O terceiro grupo político de destaque é o dos liberais, reunidos em uma coalizão lançada por Mahmud Jibril, o ex-primeiro-ministro do CNT durante a revolta contra Kadafi.

A repartição geográfica dos assentos da assembleia foi muito discutida, sobretudo no leste do país, onde os partidários do federalismo pediam mais deputados. O Conselho Nacional de Transição decidiu finalmente distribuir assentos de acordo com considerações demográficas, de modo que 100 serão eleitos no oeste do país, onde há o maior número de habitantes, 60 no leste e 40 no sul.

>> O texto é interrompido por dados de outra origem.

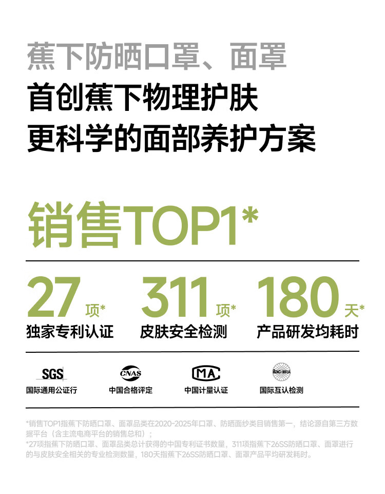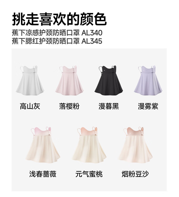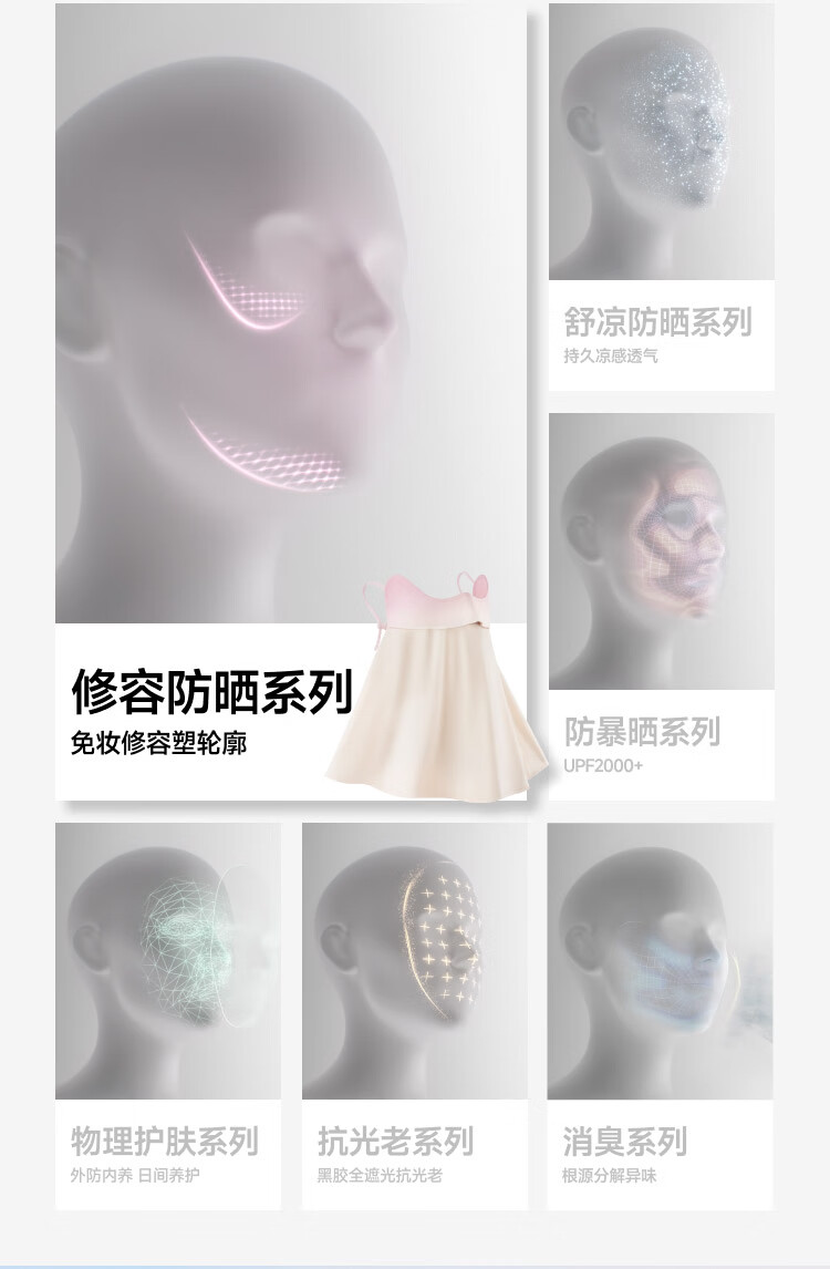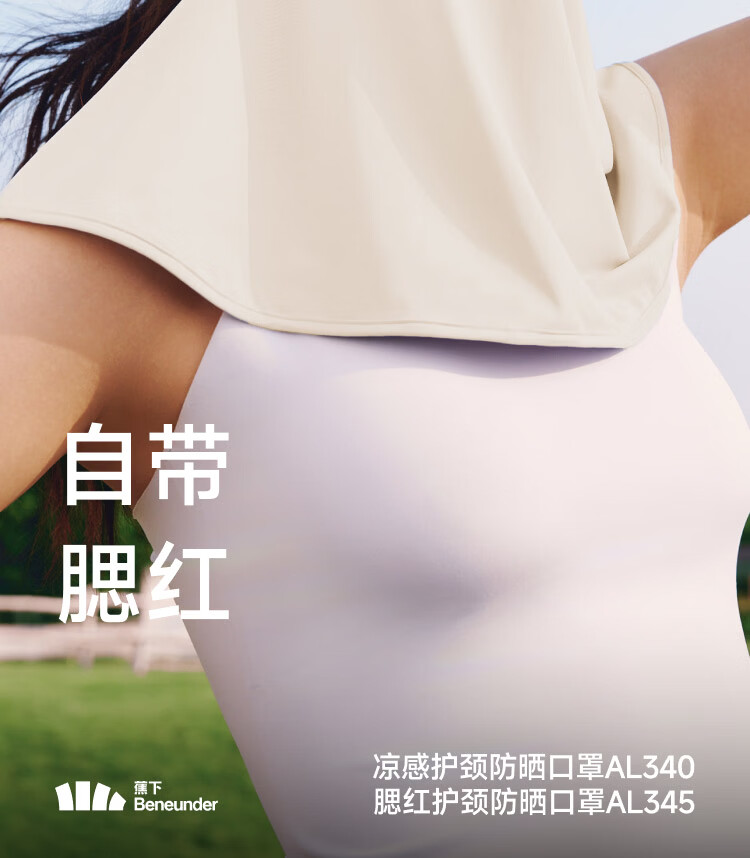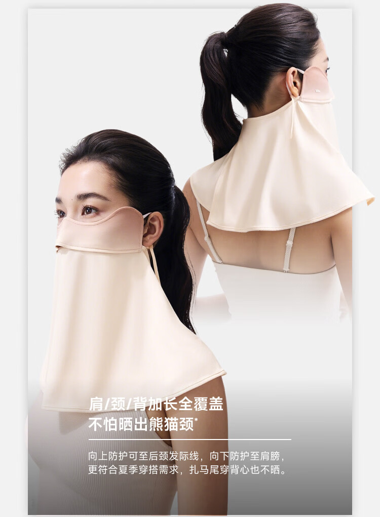 UPF50+原纱防晒、水洗不减防晒力 冰丝面料凉感升级、隐形防滑条佩戴更稳固时尚腮红素颜提气色

O CNT também decidiu sob pressão que o sistema de votação da futura Assembleia Constituinte seja por maioria de dois terços, de modo que o oeste do país não possa tomar uma decisão sem a aprovação das outras regiões.

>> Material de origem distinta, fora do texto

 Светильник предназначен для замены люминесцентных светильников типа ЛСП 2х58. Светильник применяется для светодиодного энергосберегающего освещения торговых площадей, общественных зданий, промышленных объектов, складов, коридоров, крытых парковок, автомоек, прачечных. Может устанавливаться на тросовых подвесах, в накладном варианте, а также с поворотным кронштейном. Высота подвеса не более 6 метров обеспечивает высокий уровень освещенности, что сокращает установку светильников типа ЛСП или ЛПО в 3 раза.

Mas os federalistas exigem uma “repartição equitativa” dos assentos e ameaçam boicotar e até sabotar o processo eleitoral se suas reivindicações não forem levadas em conta. Nos últimos dias houve até saques nos centros de votação no leste da Líbia, sobretudo na cidade de Benghazi.

Tensão – Diante dessas ameaças, existem dúvidas sobre a capacidade das autoridades de garantir a segurança das eleições, em um país onde milícias com armas pesadas circulam impunemente .

Nesta semana, os partidários de uma maior autonomia para o país convocaram, no leste do país, o boicote da votação e ameaçaram sabotar as eleições para denunciar a divisão de cadeiras da futura assembleia. Estas tensões terminaram na morte, na sexta-feira, de um funcionário da Comissão Eleitoral devido a um disparo de arma leve contra um helicóptero que transportava material para as eleições na região de Hauari, sul de Benghazi, a principal cidade do leste.

Além disso, o terminal petroleiro de Ras Lanouf foi fechado na quinta-feira por partidários do federalismo.